▶ TASK TO CARRY OUT
Somewhere below are a line with "Гарнитура беспроводная, Bluetooth, чувствительность" and a later line with "The main view". Output exactly those lines and all lines between them.

▶ EXTRACTED RECORDS
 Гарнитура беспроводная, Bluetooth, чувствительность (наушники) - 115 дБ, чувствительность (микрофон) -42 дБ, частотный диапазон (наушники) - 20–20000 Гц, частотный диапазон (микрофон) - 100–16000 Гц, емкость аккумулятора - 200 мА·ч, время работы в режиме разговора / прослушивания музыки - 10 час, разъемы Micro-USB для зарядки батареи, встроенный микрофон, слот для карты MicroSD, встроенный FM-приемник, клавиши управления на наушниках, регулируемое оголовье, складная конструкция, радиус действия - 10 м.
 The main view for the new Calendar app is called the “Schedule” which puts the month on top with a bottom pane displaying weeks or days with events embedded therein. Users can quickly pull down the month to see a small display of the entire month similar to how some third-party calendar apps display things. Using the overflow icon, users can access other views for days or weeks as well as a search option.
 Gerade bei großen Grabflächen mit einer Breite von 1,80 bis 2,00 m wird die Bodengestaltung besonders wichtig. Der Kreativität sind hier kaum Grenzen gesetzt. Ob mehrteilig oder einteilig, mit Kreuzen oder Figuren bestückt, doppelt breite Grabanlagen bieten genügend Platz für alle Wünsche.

...

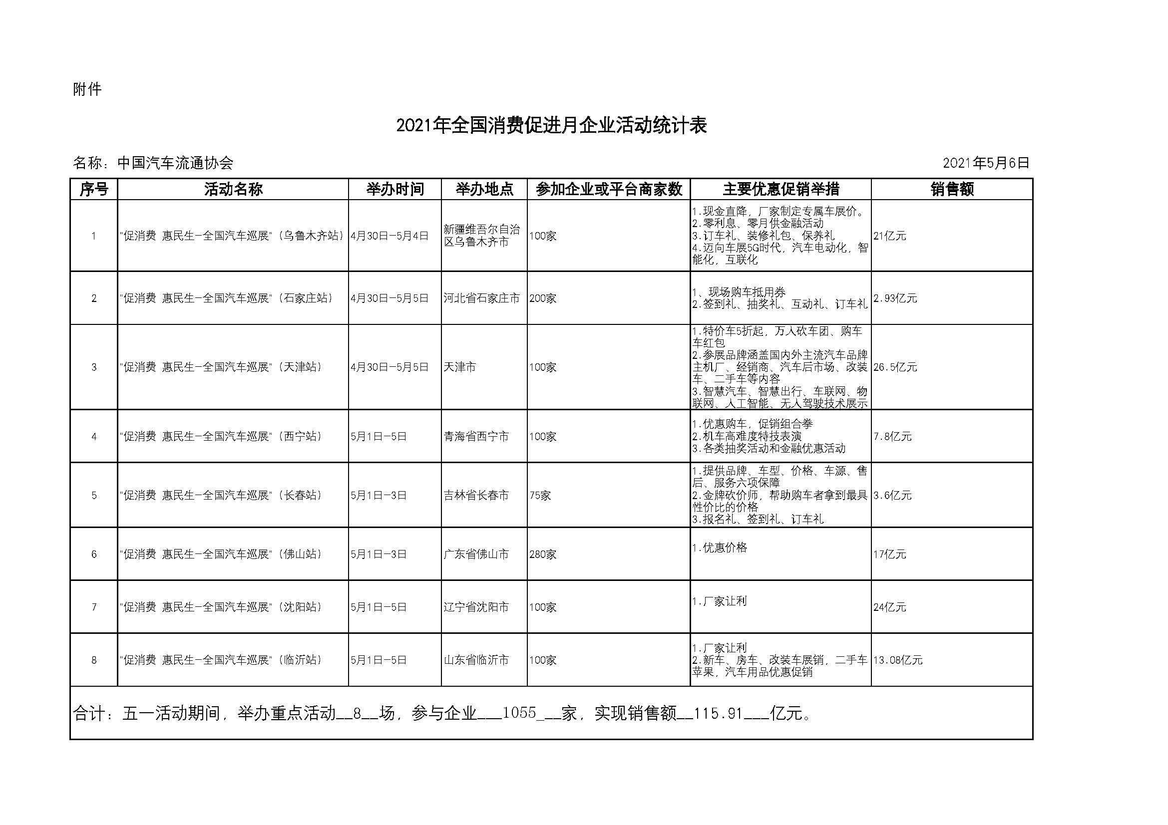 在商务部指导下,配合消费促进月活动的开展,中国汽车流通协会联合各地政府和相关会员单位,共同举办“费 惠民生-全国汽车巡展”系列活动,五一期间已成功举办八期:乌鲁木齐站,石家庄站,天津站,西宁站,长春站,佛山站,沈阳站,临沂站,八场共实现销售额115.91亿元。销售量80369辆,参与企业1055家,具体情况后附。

...

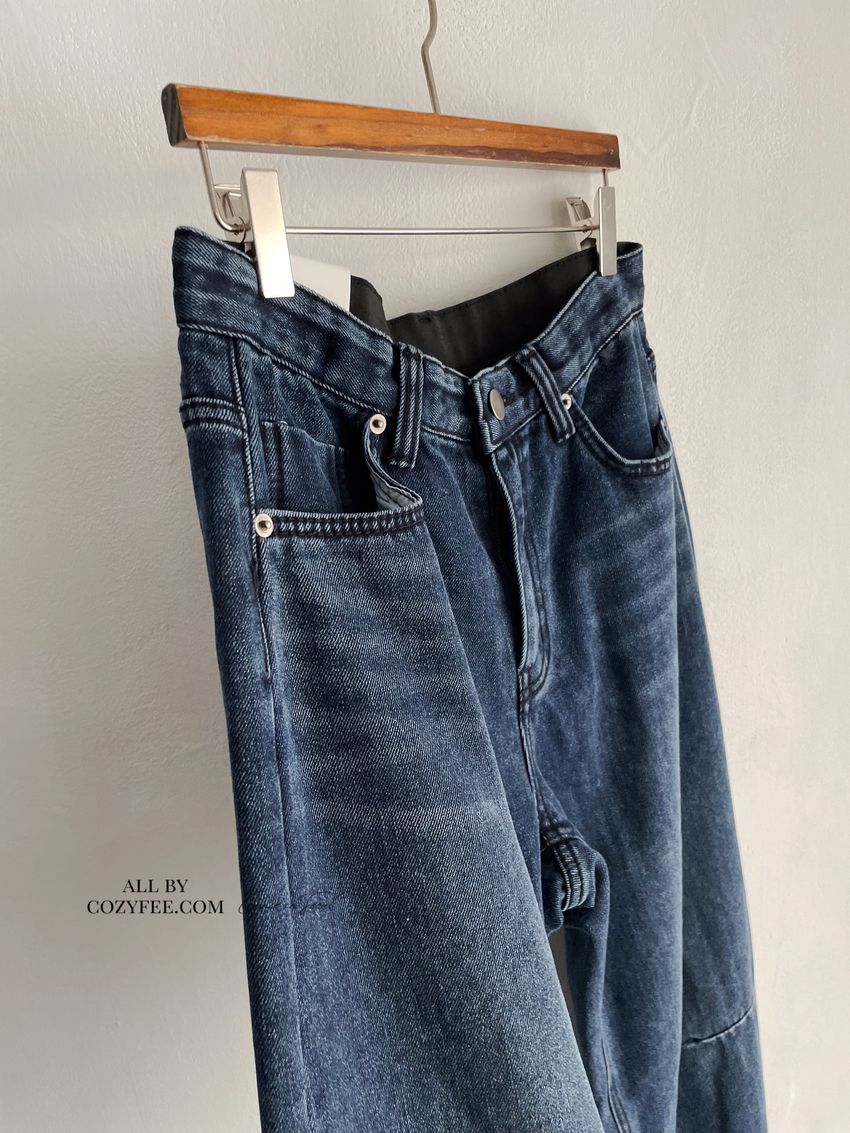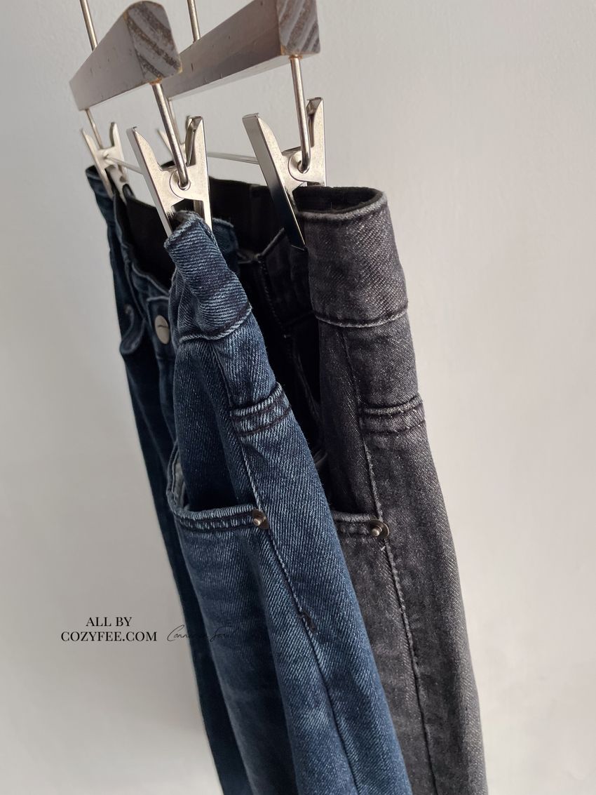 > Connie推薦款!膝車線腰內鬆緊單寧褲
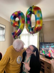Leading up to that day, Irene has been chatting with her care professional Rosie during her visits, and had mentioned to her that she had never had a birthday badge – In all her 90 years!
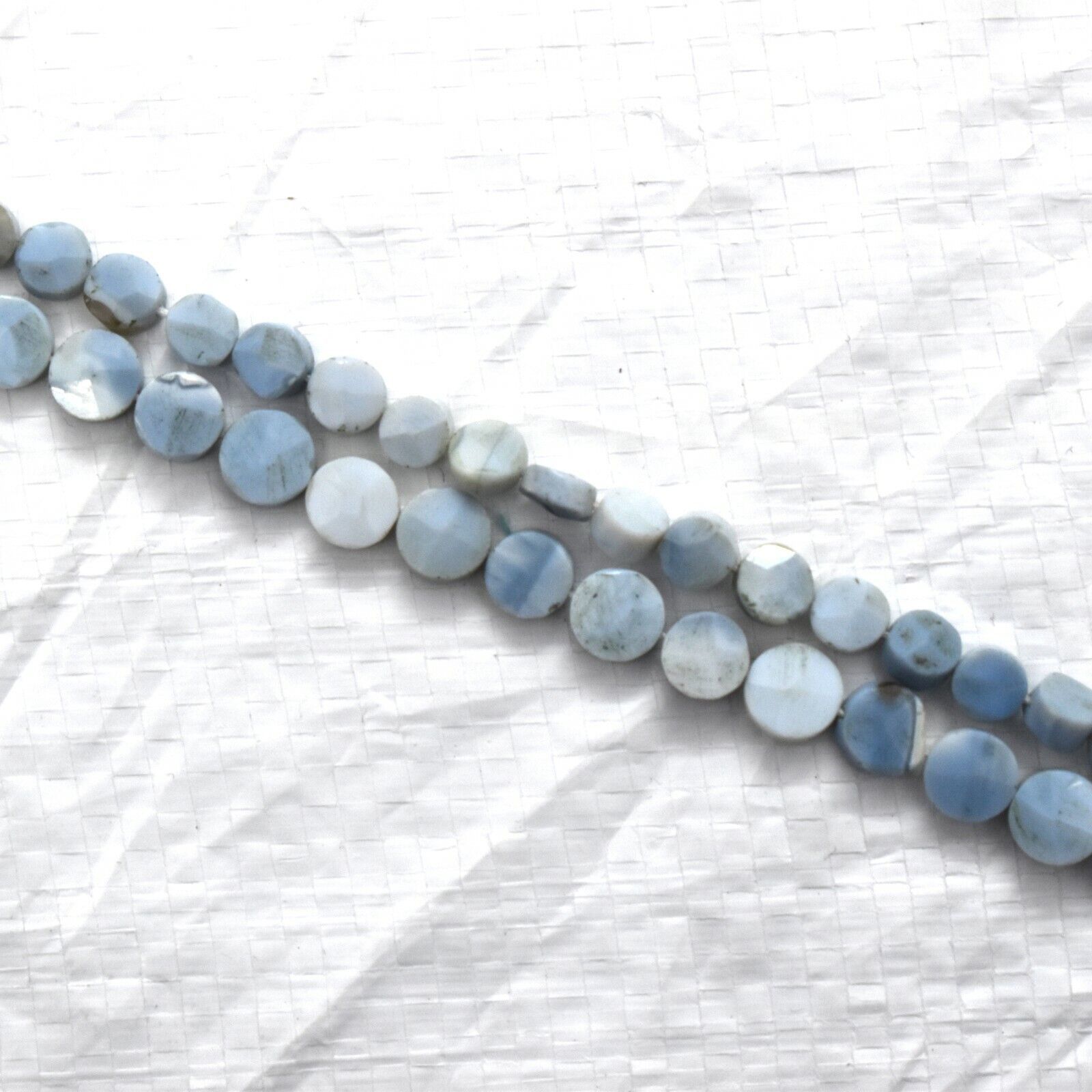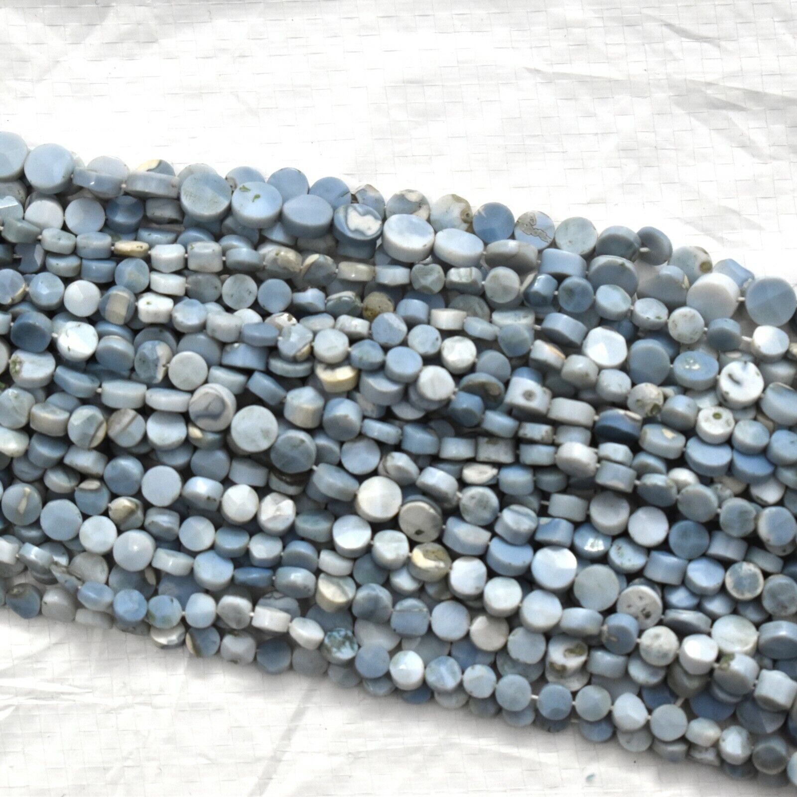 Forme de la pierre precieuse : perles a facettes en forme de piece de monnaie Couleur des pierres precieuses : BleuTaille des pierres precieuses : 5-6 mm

▶ WORKED SOLUTION
 Гарнитура беспроводная, Bluetooth, чувствительность (наушники) - 115 дБ, чувствительность (микрофон) -42 дБ, частотный диапазон (наушники) - 20–20000 Гц, частотный диапазон (микрофон) - 100–16000 Гц, емкость аккумулятора - 200 мА·ч, время работы в режиме разговора / прослушивания музыки - 10 час, разъемы Micro-USB для зарядки батареи, встроенный микрофон, слот для карты MicroSD, встроенный FM-приемник, клавиши управления на наушниках, регулируемое оголовье, складная конструкция, радиус действия - 10 м.
 The main view for the new Calendar app is called the “Schedule” which puts the month on top with a bottom pane displaying weeks or days with events embedded therein. Users can quickly pull down the month to see a small display of the entire month similar to how some third-party calendar apps display things. Using the overflow icon, users can access other views for days or weeks as well as a search option.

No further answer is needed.